Kulanjutkan trek yang kurasa makin sialan ini dengan detak jantung yang meningkat. Sesekali aku menoleh kebelakang, apakah pemandangannya sebagus yang dikatakan mas penjaga sport gel tadi? Ya sebenarnya sudah bisa kutebak panorama yang ditawarkan hutan hujan tropis ini. Hutan, menara transmisi, laut, dan pabrik pupuk di kejauhan, begini aja ternyata ya? 

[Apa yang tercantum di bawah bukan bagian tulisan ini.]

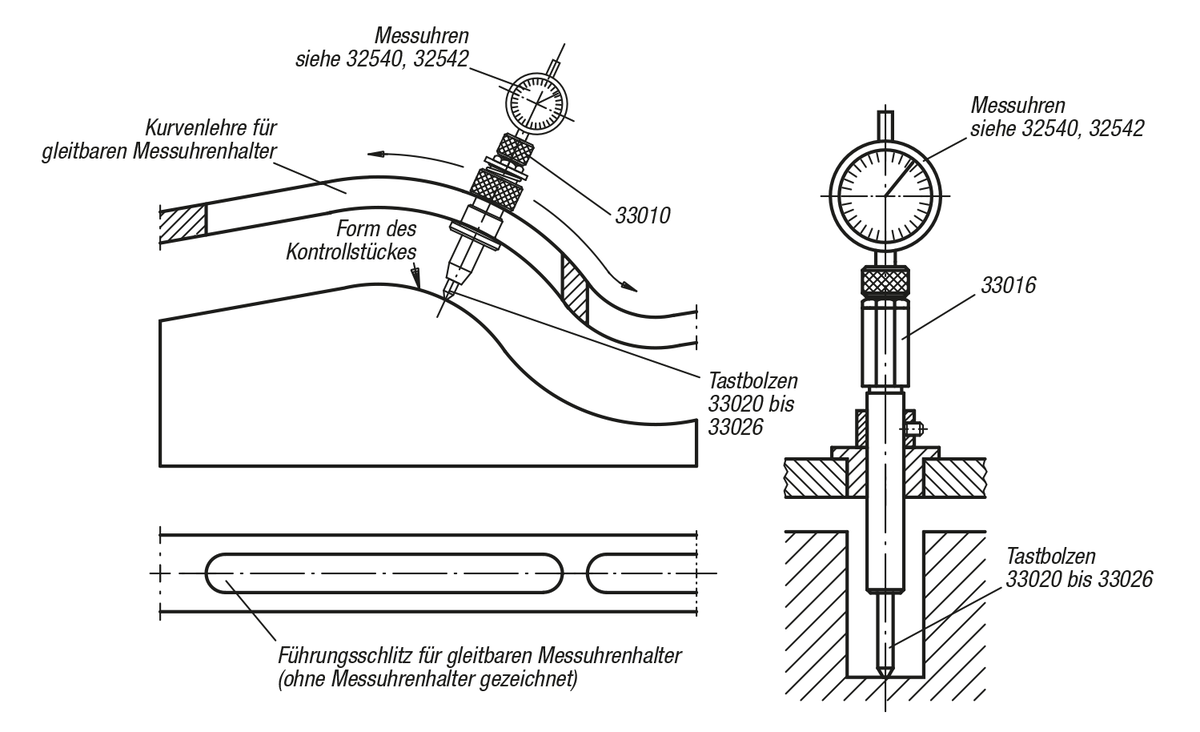 Die Lieferung erfolgt ohne Messuhr und Tastbolzen. Messuhren siehe 32540 und 32542. Tastbolzen siehe 33020 bis 33026.

Aku melangkah dengan cepat, memaksimalkan tenaga yang tersisa. Lima kilometer lagi ! Ugh, kalau ambil yang 7 km pasti dalam waktu 30 menit sudah sampai. Tapi ini...prediksiku satu jam lagi. Ya Allah, ampuni dosaku hari ini😖

Pasca melewati tanjakan yang katanya terakhir, memang jalur lebih santai dan teduh. Namun karena jemari kaki terasa lecet, maka jalan pun terasa tersiksa tapi harus dipaksa. Hati harus tetap dibuat gembira menatap rumpun bambu bernyanyi, kebun karet, kebun durian dan rambutan yang mungkin sesekali disantap orang utan.

"Dua kilo lagi!" ujarku semangat dalam hati. Tak terasa ya? Ya terasa lah! Kaki dan paha mulai terasa demam dan pada akhirnya aku menghadapi tanjakan beton tinggi terakhir menuju jalan raya dan kembali ke titik start.

Aku selesai dalam waktu 2:47 jam dengan pace 15! Ya 17 menitnya untuk istirahat dan foto di jalur jadi waktu tempuh 2:30 jam lah ya😁

Sampai di tempat start, aku curhat sama Hilman terkait jalur yang kami tempuh. Ia pun ngeluh mau muntah saat menapaki tanjakan gunung banteng yang gersang tadi. Hmm..Hilman yang rutin lari aja ngeluh apalagi emak yang bisanya cuma jalan santai pagi sama bocil tiap pagi. Ngeluh dan ngeluuu....(pusing dalam bahasa jawa)

Namun siapa sangka, keluhanku hari ini berbuah hadiah utama berupa celana lari yang sudah dilengkapi belt pinggang. Alhamdulillah ! Apakah ini pertanda bahwa kegiatan trail runningku ini harus tetap konsisten walaupun banyak mengeluh di percobaan awal?

Kalian tahu nggak apa perbedaan kegiatan outdoor sebelum dan setelah ada bocil? Ya tentunya setelah ada bocil nggak bisa leha-leha dan tidur cantik setelahnya! Masih harus gendong, ajak main dan sorenya jatah ngajak main ke taman sambil naik odong-odong walau kakiku masih terasa sakit tak karuan. Duh! Sabar ya walau kaki bakal tiga hari kedepan sakit seperti ini...yang penting selama bocil tetap diajak main, pak suami pasti mengijinkanku untuk berulah seperti ini kembali. Semangat semangattt!!